(REQUIRED WORK):
Print the lines in the listing below starting at the line with "Deze cinewall ademt" and ending at the line with "Легкая блуза с", both included. Reproduce them exactly and omit every picture.

(DATA FOR THE TASK):
——
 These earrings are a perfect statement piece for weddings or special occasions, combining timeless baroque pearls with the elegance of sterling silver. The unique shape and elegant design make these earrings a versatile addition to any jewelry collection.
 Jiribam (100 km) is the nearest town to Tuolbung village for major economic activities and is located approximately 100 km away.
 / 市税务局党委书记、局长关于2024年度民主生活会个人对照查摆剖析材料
——
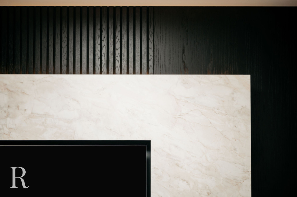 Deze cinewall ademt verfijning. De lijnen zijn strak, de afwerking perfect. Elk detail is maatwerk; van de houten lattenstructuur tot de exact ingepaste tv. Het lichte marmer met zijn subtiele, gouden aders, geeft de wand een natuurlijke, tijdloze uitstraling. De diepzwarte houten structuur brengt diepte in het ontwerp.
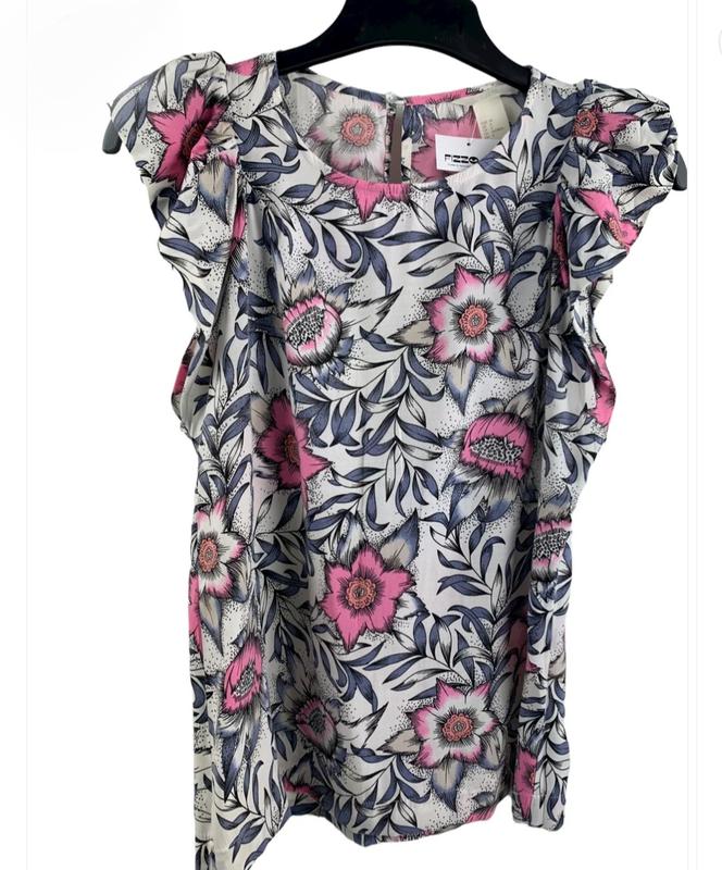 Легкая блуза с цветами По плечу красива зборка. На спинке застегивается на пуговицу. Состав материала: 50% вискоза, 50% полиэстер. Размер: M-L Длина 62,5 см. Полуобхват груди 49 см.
——
(ANSWER TO THIS EXERCISE):
 Deze cinewall ademt verfijning. De lijnen zijn strak, de afwerking perfect. Elk detail is maatwerk; van de houten lattenstructuur tot de exact ingepaste tv. Het lichte marmer met zijn subtiele, gouden aders, geeft de wand een natuurlijke, tijdloze uitstraling. De diepzwarte houten structuur brengt diepte in het ontwerp.
 Легкая блуза с цветами По плечу красива зборка. На спинке застегивается на пуговицу. Состав материала: 50% вискоза, 50% полиэстер. Размер: M-L Длина 62,5 см. Полуобхват груди 49 см.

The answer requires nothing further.